Can QVAC create a powerful enough model that users are willing to accept a moderate operational threshold for local autonomous control?
Written by: Liam Akiba Wright
Translated by: Luffy, Foresight News
Tether's new project QVAC begins with a concept that is quite rare among stablecoin companies. The company describes its QVAC Psy as a series of foundational large models "rooted in the principles of psychohistory."
The concept of psychohistory originates from Isaac Asimov's classic science fiction series "Foundation." In the story, protagonist Hari Seldon uses mathematics, statistics, and social dynamics to predict the behavior trends of large groups, thereby shortening the dark age following the collapse of the Galactic Empire.
The "Encyclopedia of Science Fiction" defines Asimov's psychohistory as a fictional science; Hari Seldon's entire plan aims to predict future events and preserve human knowledge and civilization during the collapse of social systems.
Tether's description essentially packages its corporate mission in the language of science fiction.
With its reserves, liquidity, and distribution capabilities, Tether has created the largest stablecoin system in the crypto industry; now, it is replicating this underlying logic in the field of artificial intelligence.
The USDT stablecoin forms Tether's primary reserve foundation; while computing power, AI models, datasets, and intelligent capabilities that can operate independently of centralized cloud services are becoming Tether's second major reserve asset.
From Dollar Reserves to Intelligent Asset Reserves
Tether's entry into artificial intelligence continues the operational logic of its core business. USDT transforms global offshore dollar demand into a reserve asset portfolio primarily composed of short-term sovereign bonds.
According to Tether's Q1 2026 reserve verification report, the company's net profit reached $1.04 billion, with reserve buffer funds totaling $8.23 billion, liabilities related to tokens about $183 billion, and direct and indirect holdings of U.S. short-term treasury bonds amounting to approximately $141 billion.
A robust reserve base provides Tether with sustainable revenue, ample balance sheet capacity, and strength to use operating income to layout long-term infrastructure tracks.
CryptoSlate previously analyzed that Tether, with its huge volume of stablecoins, could strategically allocate its reserve funds. In January this year, Tether invested in 8,888 bitcoins, corroborating its ability to convert interest income and operational profits into long-term bitcoin allocation needs. The QVAC project extends this asset allocation logic into a new track for artificial intelligence.
Now, in addition to layouts in Bitcoin, gold, startups, the energy sector, cryptocurrency mining, telecommunications infrastructure, etc., Tether is officially heavily invested in artificial intelligence itself. This positioning also allows Tether to transition from being merely a private issuer of dollar liquidity to a builder of private digital infrastructure.
The science fiction narrative of "psychohistory" aptly aligns with this strategic direction, as Tether views artificial intelligence as a layer of civilization-grade underlying architecture, rather than just a common software track. QVAC's official information positions itself as an "infinitely stable intelligent platform," focusing on decentralized intelligent systems that prioritize local operation, aiming to benchmark against and replace centralized AI.
The vision of QVAC indicates that relying on centralized servers for all intelligent interactions not only results in slow speed and poor stability but also carries the risk of control and limitations; QVAC aims to become the foundational base for user-specific intelligent systems at the edge.
This concept resonates with Tether's stablecoin philosophy.
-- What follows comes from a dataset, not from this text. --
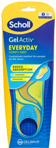 A Scholl GelActiv férfi cipőbetétek mindennapi használatra kettős gélt tartalmaznak, amely hatékonyan enyhíti a nyomást és csökkenti a mindennapi járás és tevékenységek okozta túlzott terhelést. A keményebb gél támasztja a lábíveket és a sarokat, míg a puhább gél kiváló rugalmasságot és nyomáscsökkentést biztosít, ami egész napos kényelmet és könnyed járást eredményez. Méret S: 35,5 - 40,5
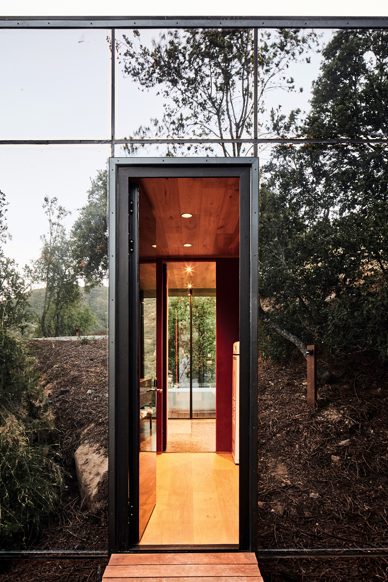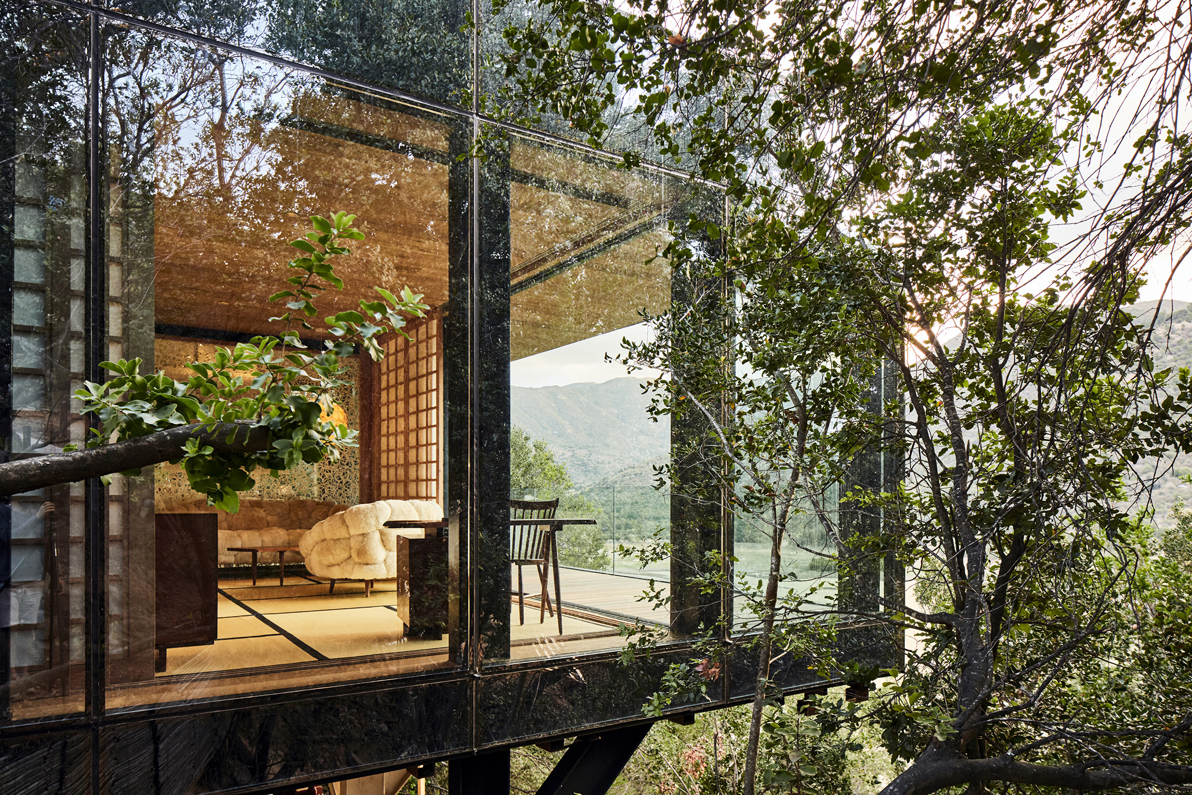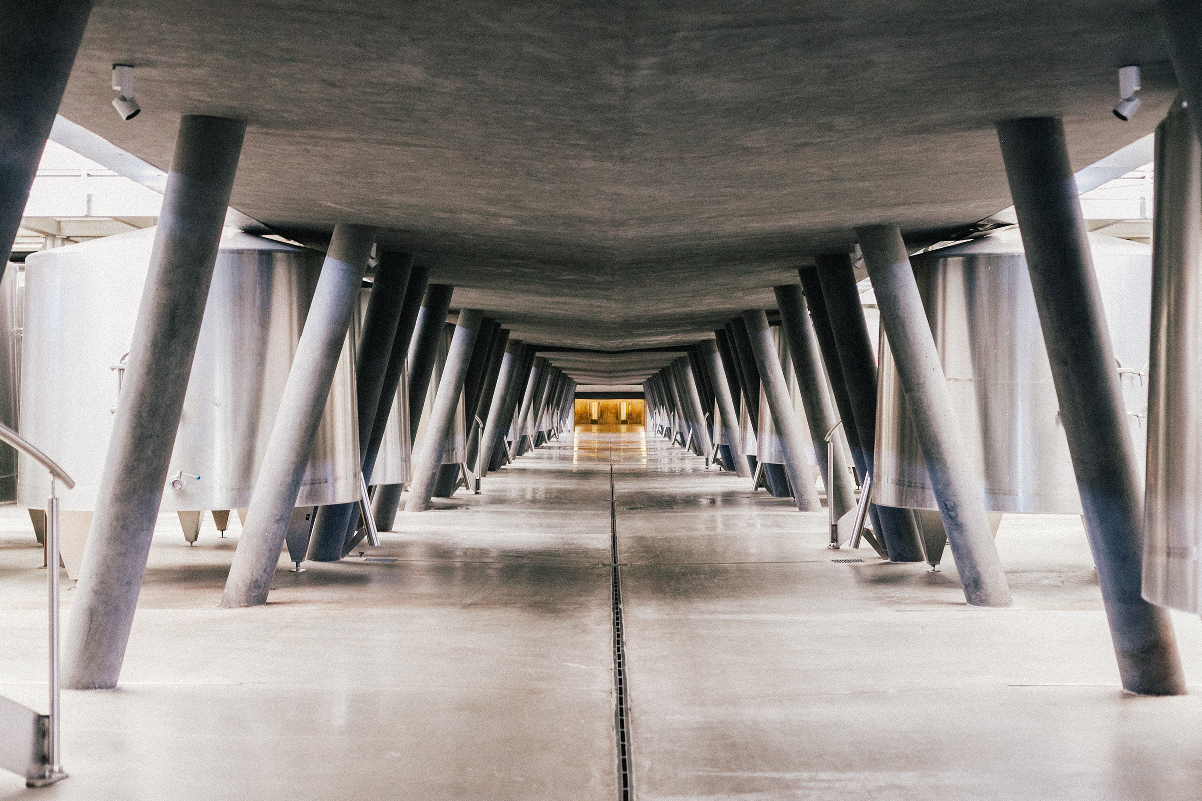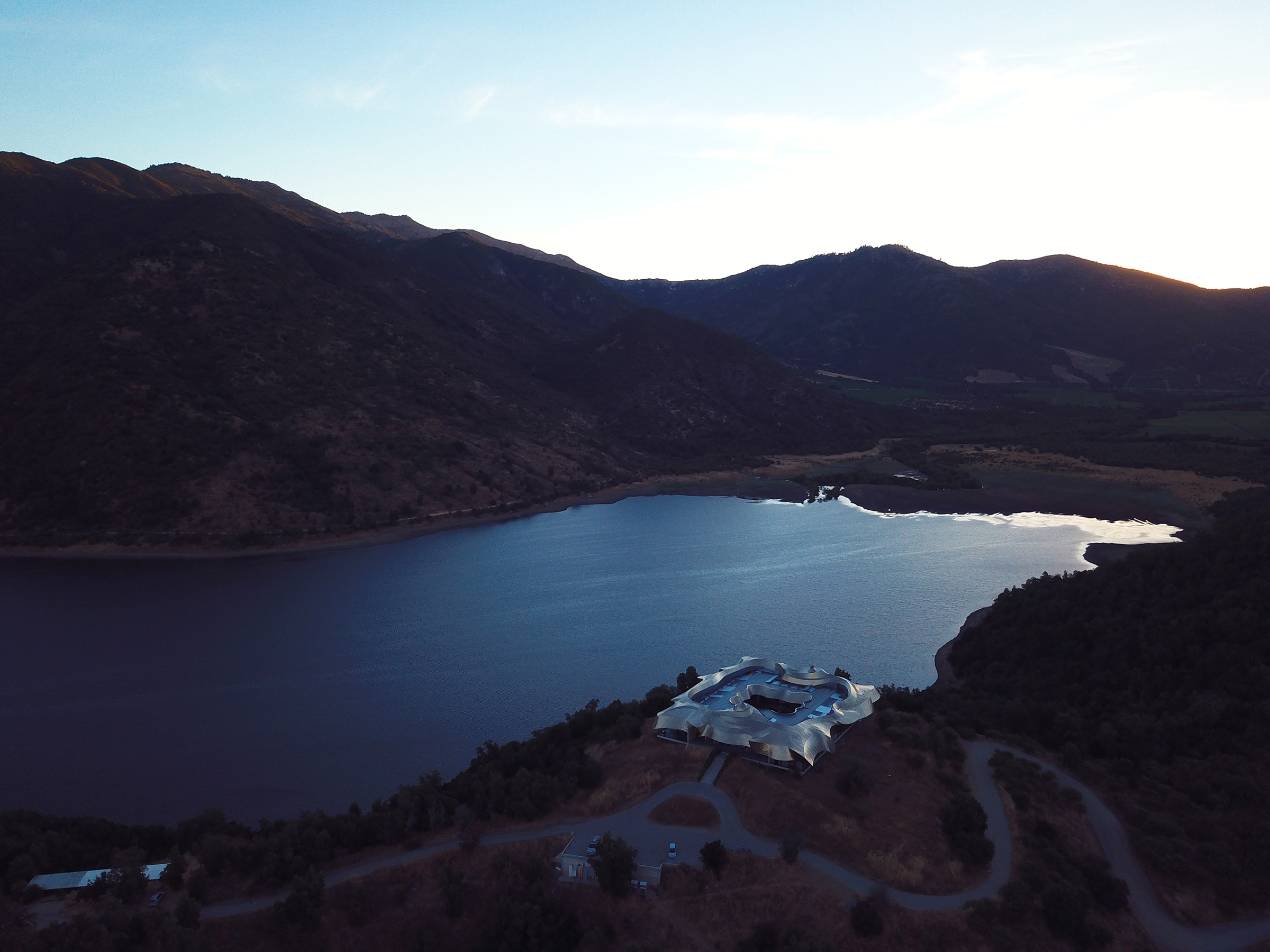 The winery’s design features a uniquely transparent, stretched fabric roof that allows for natural sunlight to permeate the winery operate without artificial lighting. The entrance to the winery is an arresting visual display of a two-degree sloping plaza of running water streaming over the space, which provides an additional cooling element. Placed throughout the plaza is a sculptural installation by Radic and sculptor Marcela Correa–Chile's inspired, talented husband-and-wife team. Walkways have been cut into the plaza, allowing visitors to walk through the water-filled landscape. The majority of the building is located underground to naturally cool the wine during the wine-making process by maintaining a consistent temperature of fifty-seven degrees using the natural thermal amplitude of the valley. The fabric roof, the primary architectural element that can be seen from the outside, gives the impression of an enormous white wing suspended over this underground winery. Both sides of the winery feature high glass walls, making the winery transparent and giving visitors a view through the winery to the pavillion on the other side.

Fund circulation without permission, user data retained in control, and artificial intelligence operating locally.
Underlying Asimov's science fiction concept is Tether's more serious judgment: only when artificial intelligence possesses infrastructure-level resilience and risk resistance can its value truly solidify.
Although cloud-based large models have stronger integrated capabilities, they inherently carry platform risks, pricing risks, policy regulatory risks, network latency risks, and data routing risks; local AI models may sacrifice some performance but gain ownership, privacy, and sustained stable availability.
This trade-off logic aligns closely with the concepts of the crypto industry. Self-custody, though not as convenient as exchange custody until the risks of exchange failures emerge, only then do people understand its value; local AI, though not as easy to use as cloud-hosted models, will reveal its advantages once network interruptions, API changes, account bans, and data flow issues occur.
QVAC: A Unique Edge AI Architecture
The core differentiation of QVAC lies in its underlying architecture. Top large models like OpenAI, Anthropic, Google DeepMind, and xAI are competing for general capabilities, coding capabilities, multimodal interactions, super-long context reasoning, intelligent applications, and enterprise cloud deployment.
In contrast, QVAC has chosen a completely different path: deployability, privacy protection, low latency, composability, and independent existence away from a single platform.
QVAC's official introductory documentation defines the project as an open-source, cross-platform ecosystem that prioritizes local operation and peer-to-peer AI applications, compatible with Linux, macOS, Windows, Android, and iOS systems. Users can run large language models, speech recognition, retrieval-augmented generation (RAG), and other AI tasks locally and can leverage built-in P2P functionalities to delegate inference tasks to other device nodes.
This means that QVAC's benchmark standards are entirely different from those of top cloud AI large models: leading AI pursues the strongest general model capabilities that centralized services can provide; QVAC, however, focuses on the location of inference, operational control, whether data is retained locally on devices, and whether applications can continue to operate once centralized services fail.
Tether will launch the QVAC software development kit (SDK) in April 2026, providing a unified development suite that supports developers in building, running, and fine-tuning AI applications on any device, compatible with all platform systems without needing to modify code.
The QVAC SDK is compatible with various local inference engines based on a unified abstraction layer, including the self-developed QVAC Fabric, the llama.cpp branch version, and integrates tools such as whisper.cpp, Parakeet, and Bergamot for speech and translation.
It has already transcended the scope of single model releases, resembling a fundamental operating system for artificial intelligence. The open-source AI ecosystem now boasts a wealth of mature components: local inference projects like Llama, Qwen, Mistral, Gemma, DeepSeek, Hugging Face, llama.cpp, Ollama, etc., are flourishing.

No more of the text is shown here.